Was haben eine Rolex und eine Apple Watch gemeinsam? Auf den ersten Blick scheinen sie grundverschieden – hier das feinmechanische Kunstwerk und prestigeträchtige Statussymbol, dort das funktionale, technologische Werkzeug aus dem Silicon Valley. Doch beide lenken die Aufmerksamkeit zurück auf das Handgelenk und spielen damit eine Rolle in der Wiederentdeckung der Uhr als unverzichtbares Accessoire.
Wie Marcel Speiser in seinem Artikel in der «Handelszeitung» im September betonte, wird Rolex dieses Jahr die Krone als umsatzstärkste Uhrenmarke der Welt von Apple zurückerobern. Doch anstatt hier von einem Kopf-an-Kopf-Rennen zu sprechen, stellt sich mir die Frage, wie sehr das Schweizer Flaggschiff der Uhrenindustrie vom Giganten aus dem Silicon Valley sowie der Popularität von Smartwatches wie der Apple Watch profitiert hat. Das Tech-Gadget von Apple, das 2015 erstmals auf den Markt kam, machte Uhren zwar nicht direkt wieder «interessant», war aber sicher einer der vielen Faktoren, die den Uhrenhype der letzten sieben Jahre befeuerten und Handgelenksschmuck wieder ins mediale Rampenlicht rückten. Vor allem in den USA, wo die Smartwatch-Dichte mit Abstand am höchsten ist, knallte auch der Uhrenboom besonders laut. Ein schneller Blick auf Google Trends zeigt zudem, dass die Suchinteressen für Apple Watch und Rolex Anzeichen einer Korrelation aufweisen.

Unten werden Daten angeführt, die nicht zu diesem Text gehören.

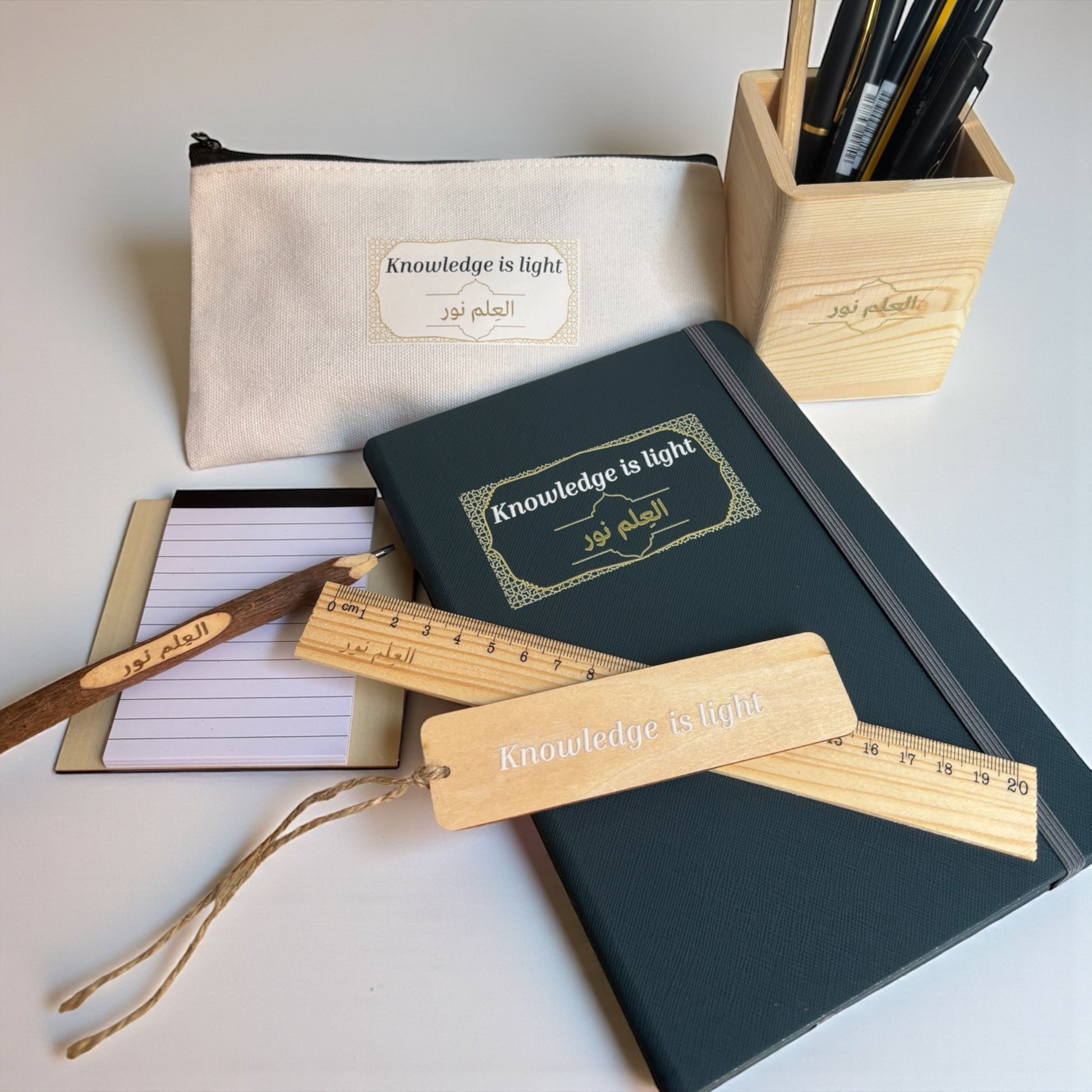 Ilumina tus momentos de estudio, reflexión y organización con el Pack Al-ʿIlmo Nour, un conjunto creado para quienes valoran el aprendizaje, la escritura consciente y el crecimiento personal.

Fast ein Jahrzehnt nach dem Launch der Apple Watch sind Apple und Rolex, zwei der wertvollsten Marken der Welt, zu Konkurrenten geworden – oder vielmehr zu einer produktiven Ergänzung. Denn obwohl beide am Handgelenk getragen werden, sind sie so unterschiedlich wie, verzeihen Sie mir die billige Anspielung, Äpfel und Birnen. Eine Rolex ist ein faszinierendes, feinmechanisches Statussymbol – ein Schmuckstück, das man zur Zeiterfassung eigentlich gar nicht mehr braucht und das zeitlose Werte sowie Handwerkskunst verkörpert. Eine Apple Watch hingegen ist ein funktionaler Computer für das Handgelenk, entwickelt für digitale Konnektivität, Fitness-Tracking und alltägliche Effizienz.
Vielleicht sollte man deshalb nicht von Konkurrenz sprechen, sondern von Synergie.
Tim Stracke
Diese Unterschiede verdeutlichen, dass Uhren mehr als ein funktionales Instrument zur Zeitmessung sind. Sie bringen ein allgemeines Kulturgefühl zum Ausdruck – sei es die Pflicht zur digitalen Selbstoptimierung oder die Freude an zeitüberdauernden Werten.
Vielleicht sollte man deshalb nicht von Konkurrenz sprechen, sondern von Synergie. Apple Watches faszinieren Jung und Alt und sensibilisieren sie zugleich für das Thema Chronographie. Wer regelmässig auf sein Handgelenk schaut, und sei es nur, um dort Mails, WhatsApp-Nachrichten oder Insta-Reels zu checken, für den ist die Uhr nicht mehr ein Item unter vielen. Von da aus ist es nur ein kleiner Schritt zum Interesse für Uhren als Kunst- und Meisterwerke, Uhren wie die von Rolex zum Beispiel. Die Erweiterung von Interessenten und Käuferkreisen ist (vor)programmiert. Die Uhrenindustrie hat dabei viel mehr Sorge vor leeren Handgelenken als vor der Konkurrenz durch Smartwatches.
Das führt mich zu folgender Frage: Hätte der enorme Uhrenhype zu Beginn der 2020er Jahre auch ohne die Einführung der Apple Watch stattfinden können? Ein interessantes «Was wäre, wenn …». Mein Bauchgefühl sagt mir: Ja, wahrscheinlich schon, aber wer weiss. Sicherlich war Apple ein wichtiger, vielleicht unterschätzter Faktor, um die Uhrenbranche kulturell dorthin zu bringen, wo sie heute steht. Für mich ist die eigentliche Geschichte kein Wettkampf zwischen Apple und Rolex und auch kein «Krieg ums Handgelenk». Es geht vielmehr darum, wie zwei der wertvollsten Marken der Welt gemeinsam einander und die gesamte Uhrenkategorie in den Mainstream gerückt haben.